Only they weren’t strong, not really. From what he’d seen so far, Carson decided they offered a deceptive safety at most, entrapping part of John Sheppard with all his nightmares. It also seemed more than likely that the enclosure did not only hoard anxieties, it was also a steady reminder of a larger threat outside. Prisons did not only lock things in, they also kept things out. Looking up, Carson sought out the fissure in the opposite wall. Even as he looked, more concrete came loose and bits of mortar crumbled to the ground. Disquiet seemed to spread from the opening. A rumble vibrated through the room until Carson felt a resounding hum in his body. It felt like a call, narrowing his attention to the breach that looked more and more like a pathway.
So this finally was the place he was supposed to find. It reminded him of something, something he had read or seen a long time ago.
(The eyes are not here . . .)
Air swirled around him in a cooling twist, grazing his cheeks and sweat-slickened temples. Carson paid no heed, transfixed by the hole in the barrier. Within the ragged frame of the fissure, he could see a strip of colour, faint purple and ice green.
(There are no eyes here . . .)
Carson unclenched his hands. Pain, short and fierce lanced through his palms but he paid no heed. Slowly, he walked across the room, careful not to touch any of the bodies, be they dead or /paralysed. He stopped at the fissure which was now broad enough to allow a grown man passage. Looking out, Carson placed a hand on the ragged edge to his left. More grout withered beneath his touch. Absently, he rubbed the matter to grains between his thumb and forefinger.
Before him lay a landscape confined by no walls. It was as much empty as it was sublime. Behind was the black, charred cavern of a room. Ahead were endless plains of gravel, rocky dunes and barren trees under a bruise-coloured sky. The view was fascinating even as it filled Carson with a slowly creeping dread.
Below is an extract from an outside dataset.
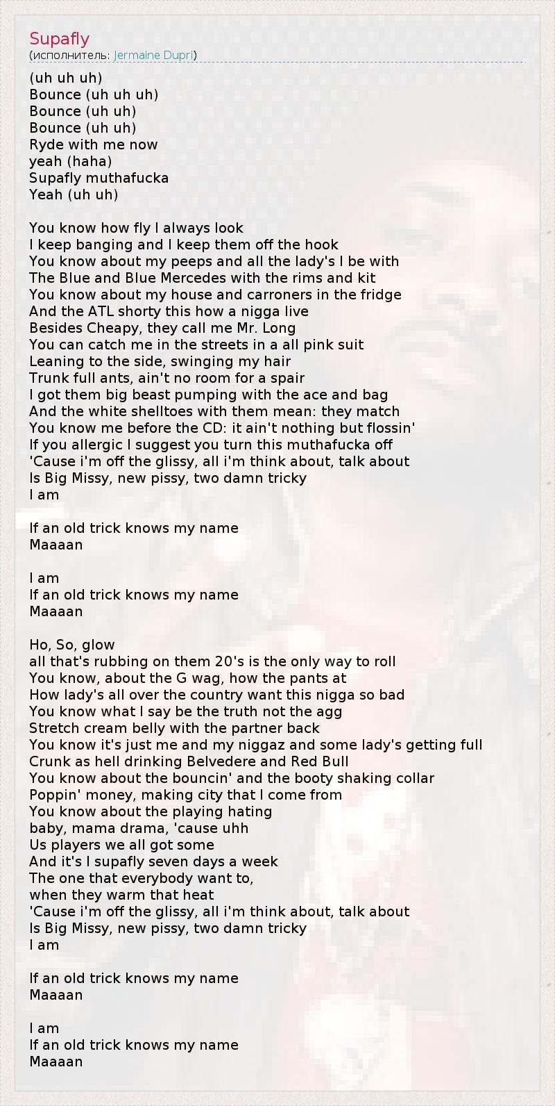 (uh uh uh) Bounce (uh uh uh) Bounce (uh uh) Bounce (uh uh) Ryde with me now yeah (haha) Supafly muthafucka Yeah (uh uh) You know how fly I always look I keep banging and I keep them off the hook You know about my peeps and all the lady's I be with The Blue and Blue Mercedes with the rims and kit You know about my house and carroners in the fridge And the ATL shorty this how a nigga live Besides Cheapy, they call me Mr. Long You can catch me in the streets in a all pink suit Leaning to the side, swinging my hair Trunk full ants, ain't no room for a spair I got them big beast pumping with the ace and bag And the white shelltoes with them mean: they match You know me before the CD: it ain't nothing but flossin' If you allergic I suggest you turn this muthafucka off 'Cause i'm off the glissy, all i'm think about, talk about Is Big Missy, new pissy, two damn tricky I am If an old trick knows my name Maaaan I am If an old trick knows my name Maaaan Ho, So, glow all that's rubbing on them 20's is the only way to roll You know, about the G wag, how the pants at How lady's all over the country want this nigga so bad You know what I say be the truth not the agg Stretch cream belly with the partner back You know it's just me and my niggaz and some lady's getting full Crunk as hell drinking Belvedere and Red Bull You know about the bouncin' and the booty shaking collar Poppin' money, making city that I come from You know about the playing hating baby, mama drama, 'cause uhh Us players we all got some And it's I supafly seven days a week The one that everybody want to, when they warm that heat 'Cause i'm off the glissy, all i'm think about, talk about Is Big Missy, new pissy, two damn tricky I am If an old trick knows my name Maaaan I am If an old trick knows my name Maaaan

If he stepped out there, no benchmarks would guide him back to his own self or the rueful shelter of his reality. Out there was the centre of the Ancient globe and it was as vast as an entire universe.
( In this valley of dying stars . . . )
( In this hollow valley . . . )
Every part of Carson’s body felt numb and distant. Fatigue had caught up on him and made him slightly dizzy. Dimly Carson reflected that in this state he would simply stop thinking if he saw any more faceless people. Not that he expected to encounter them again. Something told him that out in the open, he wouldn’t be haunted by phantom shapes or dying friends. A desert of stones would reach from horizon to horizon and there would be nothing else. The plains he saw were desolate, devoid of life or memories. Caught in the open he might drown in the wind’s massive silence, dissolve from the inside, until nothing remained of him but the husk of a man. Loneliness could do that to you.
Carson understood that this was the last challenge. He also knew that he’d run out of strength and defences. What hope he had of escaping to his reality slipped through his fingers. He couldn’t even imagine waking up anymore. At that point, he was too exhausted to try. His hand fell away from the jagged wall and he stepped outside.
Gravel clicked beneath his shoes and the wind was almost welcoming.
*a/n: Lines taken from the fifth segment of T.S. Eliot’s The Hollow Men.